Knowing the basis of protein-RNA recognition is essential to understanding regulatory processes in the cell. Many RNA-binding proteins (RBPs) form complexes or have multiple domains that allow binding to the RNA molecule in a multivalent manner. Through cooperative binding these proteins can reach higher specificity and affinity than those of single RNA-binding domains. However, current approaches to RNA de novo motif discovery do not take the modularity of binding events into account. Here we present Bipartite Motif Finder (BMF), an RNA motif finder that is based on a thermodynamic model of an RBP with two binding sites acting cooperatively in targeting an RNA molecule. We show that bipartite binding is a common strategy among RBPs to achieve higher levels of sequence specificity.

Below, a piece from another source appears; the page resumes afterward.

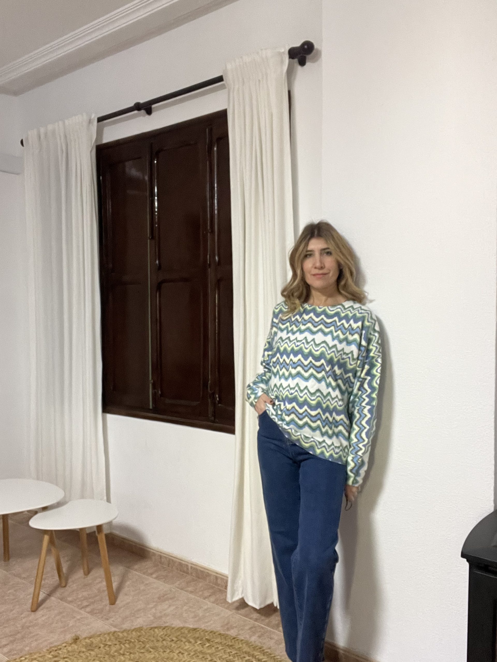 Jersey con cenefas en tonos de verde y rosas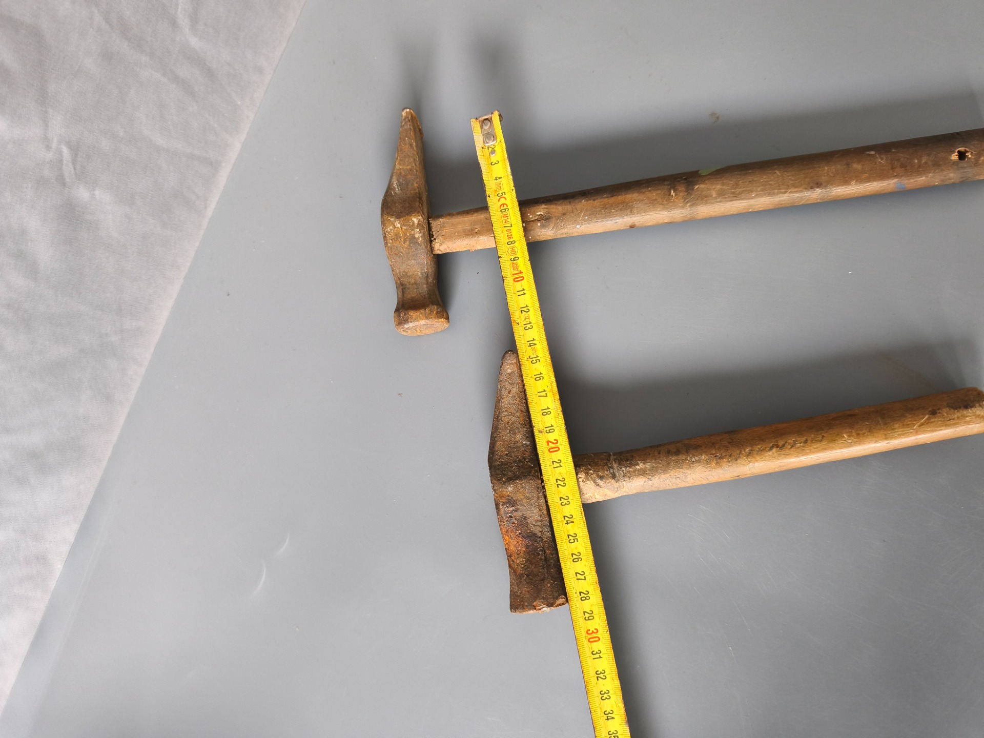 Používaný stav odpovídající stáří – hlavy pevné, dřevěná topůrka drží. Na jednom topůrku je viditelné poškození/dírka (viz foto). Patina a drobné stopy používání jsou součást charakteru.

We furthermore illustrate that the spacial geometry between the two binding sites can be learnt from bound RNA sequences and that this information enhances the model's accuracy in predicting new binding sites. These bipartite motifs are consistent with previously known motifs and binding behaviors. Our results demonstrate the importance of multivalent binding for RNA-binding proteins and highlight the value of bipartite motif models in representing the multivalency of protein-RNA interactions.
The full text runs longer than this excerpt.